How the UK can seize on Trump’s immigration mistakes
Opinion: The H-1B visa changes present a generational opportunity for the UK to scoop up AI talent, Julia Willemyns argues
Washington has just made life significantly harder for foreign workers. A $100,000 fee now applies to H-1B visa petitions made from abroad, while proposed reforms would prioritize higher-paid petitions in the selection process within job categories. Combined with an increasingly unstable funding environment, the US is becoming an increasingly unattractive place for foreign talent. That presents a generational opportunity for Britain.
Global talent flows, particularly in AI, have long favored the US — a major competitive advantage over other countries. Immigrants and their children founded 46% of today’s Fortune 500 companies and over half of US unicorns. But Trump’s recent changes threaten to undermine that success. The H-1B visa, which allows US employers to hire foreign workers in specialty occupations, is overwhelmingly a STEM route, with roughly two-thirds of approvals for computer-related roles. The median salary for H-1B visa holders is around $118,000. Last week’s tweaks, then, will disproportionately affect the science and technology industries.
We shouldn’t necessarily expect everyone in Silicon Valley to riot. A shift to wage-weighted selection, combined with hefty upfront charges, will quietly tilt the field further toward the biggest players: FAANG-scale firms, deep-pocketed frontier AI developers, and national labs that can simply outbid everyone else. Early-career researchers, postdocs and cash-constrained startups are most likely to be squeezed out because they don’t sit in the top salary tiers. But those groups are essential for technological progress, often serving as a training ground and talent incubator for the bigger companies.
America seems set to pull up the drawbridge for those people. Some will miss out, others will be deterred by the system’s volatility. (That will include many Brits: the UK is the largest exporter of AI talent to the US.) But that presents a rare opportunity for Britain, which can and should win this cohort of founders, engineers and postdocs who would previously have defaulted to the US.
High-skilled immigrants already power a meaningful share of Britain’s own tech champions, with around a quarter of UK unicorn founders born overseas. Attracting more of this cohort would generate powerful spillovers across the British economy, and provide a significant boost to the country’s AI industry.
The government could attract this talent without stepping back from its overall immigration strategy. Aggressively courting the world’s most capable people to build in the UK is also consistent with bringing overall immigration numbers down: voters show consistent support for high-skilled workers who raise productivity, while wanting tighter controls overall. That gives ministers political room to shift the mix while reducing totals.
It would not be hard to do so. Britain already has suitable pathways, like the Global Talent Visa (GTV) and High Potential Individual (HPI) Visa, but is not using them to full effect. Awareness is the main bottleneck: a recent Home Office review of the HPI visa found that it had “good satisfaction and outcomes but low uptake.” The government should market GTV and HPI directly to target cohorts (AI engineers, founders, postdocs): rather than hoping people stumble across these visas, the government should actively run them like a recruitment service.
Next, Britain should expand the criteria for who can endorse talent as part of the GTV. The current system is heavily weighted toward academic talent.
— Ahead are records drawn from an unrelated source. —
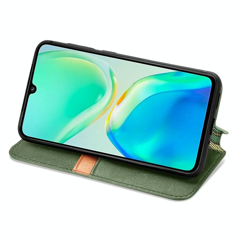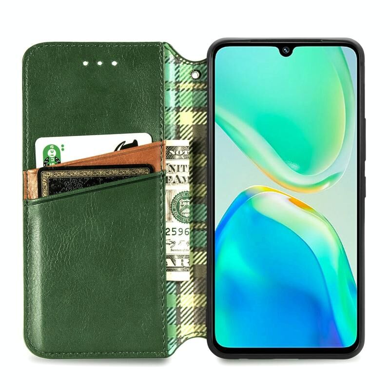 Για το vivo S15e Cubic Grid Πιεσμένο μαγνητικό δέρμα τηλέφωνο υπόθεση (πράσινο)
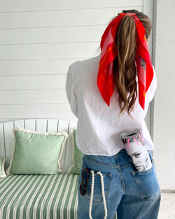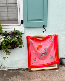 Brighten your look with this hand-drawn silk scarf featuring Kara Beth Neighbors’ playful zebra rain or stripe design. Lightweight and vibrant, it’s perfect for twirling, tying, or turning heads wherever you go!
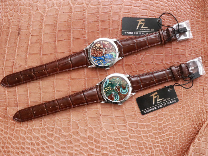 FL百达fei丽5077P-103《不丹八色织品》,真微绘珐琅工艺腕表,表径38.6mm,男士腕表,自动机械机芯,皮表带,透底。

But frontier talent (start-up builders, applied researchers, practitioners in focused research organisations and philanthropic labs) often sits outside academic tracks. Trusted, STEM-focused institutions such as top-tier VC funds and R&D non-profits should be added to this system.
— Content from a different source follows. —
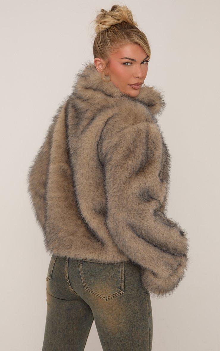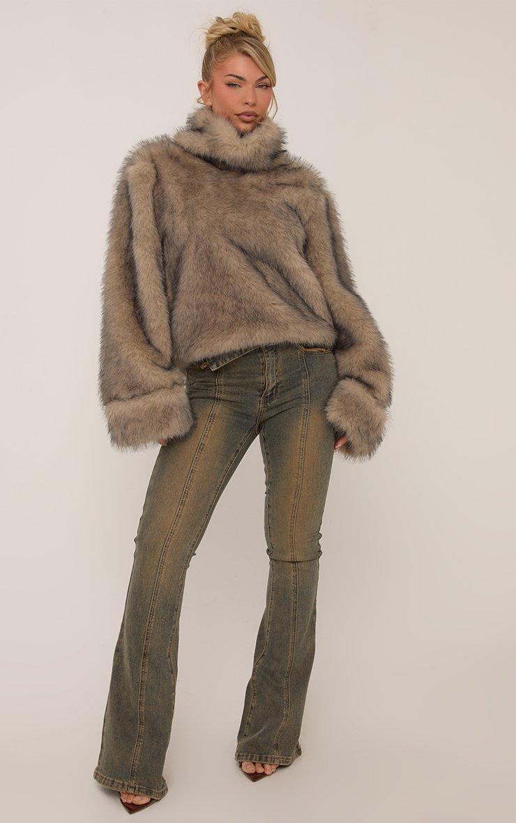 Oversized High Neck Top In Brown Faux Fur

Meanwhile, we should stop overthinking the obvious improvements. The government is already considering upgrading HPI from covering graduates of the world’s “top 50” universities to the “top 100.” It should stop the endless reviews and just do it. A simple change would immediately unlock another crop of world-class graduates.
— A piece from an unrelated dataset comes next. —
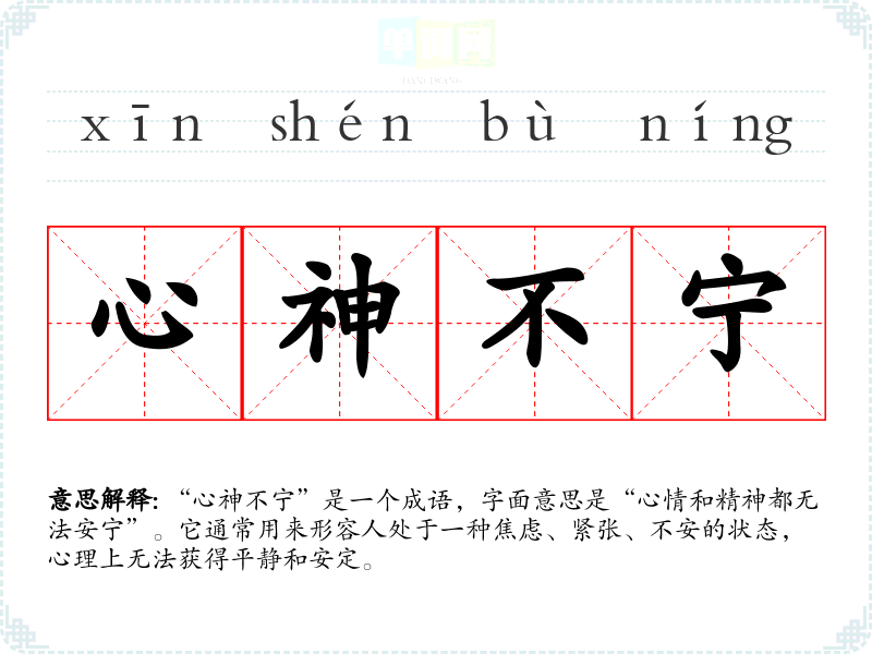 “心神不宁”是一个成语,字面意思是“心情和精神都无法安宁”。它通常用来形容人处于一种焦虑、紧张、不安的状态,心理上无法获得平静和安定。

Finally, we must eliminate financial deterrents. We have some of the highest upfront visa costs in the world, mostly driven by the Immigration Health Surcharge (IHS). This deters the very people we want from moving to the UK. The government is reportedly considering reducing or abolishing fees on the global talent visa, but it should go further — waiving the IHS for GTV holders or exempting those with private healthcare cover.
These reforms will not just make Britain more attractive to foreign workers. They will also help attract American companies who, rather than jump through the hurdles of bringing talent to the US, will open offices overseas instead. While companies won’t immediately relocate, the government can accelerate the process. A concierge service should court these companies and offer them clear, bespoke landing packages, including expedited approvals for sponsor licences and tax registration. But most of all, the baseline offer to these companies must be competitive – on tax, labour-market flexibility and regulation.
America’s loss can become Britain’s gain, but only if we act decisively. For once, Britain has the chance to eat someone else’s lunch. We must seize the opportunity.
Julia Willemyns is the co-founder of the Centre for British Progress, a think tank.